Vertex Attributes

Kevin| 14 min read| December 04, 2022| [Devlog] #OpenGL #Context #Renderer

Now that we filled our buffers, we need to tell OpenGL how to interpret the data. We do this with Vertex Array Objects(VAO's).

VAO's basically explain which vertex attribute 1 uses data from what buffer and how the data needs to be interpreted. In short: It makes the per-vertex input variables in our shader read the data from our buffers.

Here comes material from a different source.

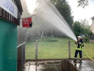 Besonderen Dank gilt dem Team des Dauborner Schwimmbades für die Bereitstellung der Örtlichkeiten und die nachfolgende Versorgung mit kühlen Getränken und Snacks. Selbstverständlich konnten sich die Einsatzkräfte nach getaner Arbeit im Schwimmbecken noch mal ordentlich erfrischen.

To illustrate, a VAO tells the graphics device for example: "Vertex Attribute 0 is in Buffer 1, begins at position BYTE_OFFSET, it has 3 components(x, y, z) of the type F32, and the offset between each vertex is STRIDE_BYTES".

This allows us to store the data in the buffers however we want. We could shove it all into a single buffer, defining one vertex at a time [position0, color0, normal0, position1, color1, normal1, ..], which is also known as interleaving, group them per attribute [position0, position1, .., color0, color1, .., normal0, normal1, ..], or have the attributes in any other order/position in one or more buffer objects. That said, it is not possible to take a single attribute(like the positions) and split it into multiple buffers. Generally, interleaving is better than non-interleaving, because the GPU can just take all attributes that belong to the vertex it wants to draw, by visiting a single memory location(since they are next to each other), rather than going to multiple different ones, taking one at a time. However, interleaving is often more effort and requires manually processing the vertex data to store them in a wanted format, which is also why many engines convert 3D-Assets into a custom format.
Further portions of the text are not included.